John McFadden, 30, of 263 Elm Street, Perth Amboy, was instantly killed early yesterday when an automobile in which he was riding sideswiped a freight train of the Philadelphia & Reading Railroad at a grade crossing on the main State highway between Woodbridge and Rahway. McFadden was one of four occupants of the machine, which had been on its way from Perth Amboy to Elizabeth. The others are all in the Rahway Hospital in a badly bruised condition.

For speeding his motorcycle forty miles an hour on Riverside Drive from 119th to 124th Street on Dec. 3 Victor Calcagno, a clerk of 614 Jackson Avenue, the Bronx, will spend the next five days in the workhouse. This sentence was imposed by Magistrate Frederick B. House in traffic court yesterday. Motorcycle Patrolman James Gunshannon arrested Calcagno. Calcagno told the court that it was raining and he was in a hurry to get home.

Brakes Blamed for Crash.

Brakes that failed to hold were alleged to have been responsible for two accidents last night. A ten-ton truck loaded with coal from Owens & Co., East River and Forty-ninth Street, was in front of 230 West Ninety-fifth Street shortly after 5 o'clock. While the driver was in the house, the brakes on the heavy vehicle slipped and it coasted down the grade to Broadway, hit the curb and took the second grade there, after climbing to the sidewalk. Homegoers scattered as the truck bore down on Cushman Sons' bakery at 2,540 Broadway.

A middle-aged woman with a young girl paused frightened in the path of the truck. Then the woman half fell into the bakery.
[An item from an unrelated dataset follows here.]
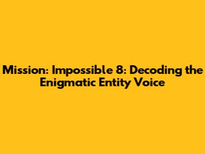 Hey guys, let's dive deep into the buzz surrounding Mission: Impossible 8! We're talking about the highly anticipated film, specifically focusing on a super intriguing element: the Entity Voice. This isn't just about another villain; it's about a complex, possibly AI-driven entity that promises to change the game. So, what's all the hype about? The Entity is portrayed as a powerful force. It's not a person, not a group, but something far more abstract and potentially dangerous. The filmmakers have been super secretive about the specifics, adding to the mystery. But the whispers suggest something totally unprecedented in the Mission: Impossible universe. We're talking about a challenge that goes beyond a single antagonist, forcing Ethan Hunt and his team to confront an enemy that's both omnipresent and virtually untouchable. This adds a whole new layer of tension and suspense to the already high-stakes world of the franchise. Understanding the Entity’s voice, its motivations, and its influence is key to understanding the plot. And trust me, it’s not just about a cool sound effect; it’s about a character that will become super central to the narrative. The Entity is designed to be the ultimate test for Ethan Hunt. He and his team have faced down countless threats, from rogue agents to global conspiracies. This time, they are facing an entity that is likely to be a supercomputer. This presents a unique challenge, forcing them to adapt their skills and strategies. The voice itself could be a key element to what the entity is all about, and it's something we're all very eager to find out more about. The voice may offer the key to understanding the Entity's motives and weaknesses.

The truck hit the plate-glass window and wedged so tightly that it took three hours' work to extricate it.

Miss Marion Rust, 31, a nurse, of 146 West 104th Street; Mrs. Fanny Dabid, 50 years old, of 100 West 106th Street; Julius Gradus and Jesse Rosenfeld, employes of Rosenfeld's brother, Max Rosenfeld, of 1,403 Fifth Avenue, went to Knickerbocker Hospital as a result of the second crash. The two women were detained at the hospital, while the men were treated and sent home.

Gradus and Rosenfeld were on a five-ton delivery truck at Columbus Avenue and 108th Street. A one-man trolley of the 116th Street crosstown line, in charge of Motorman Edwin Arnold swung down the tracks. Just as the truck went on to the tracks Arnold applied his brakes. They failed to work on the slippery rails and the car and truck came together. The twelve passengers in the car were thrown about and showered with flying glass. All escaped except Miss Rust and Mrs. Dabid. The two men on the truck were pitched to the street. Both were unconscious when an ambulance arrived.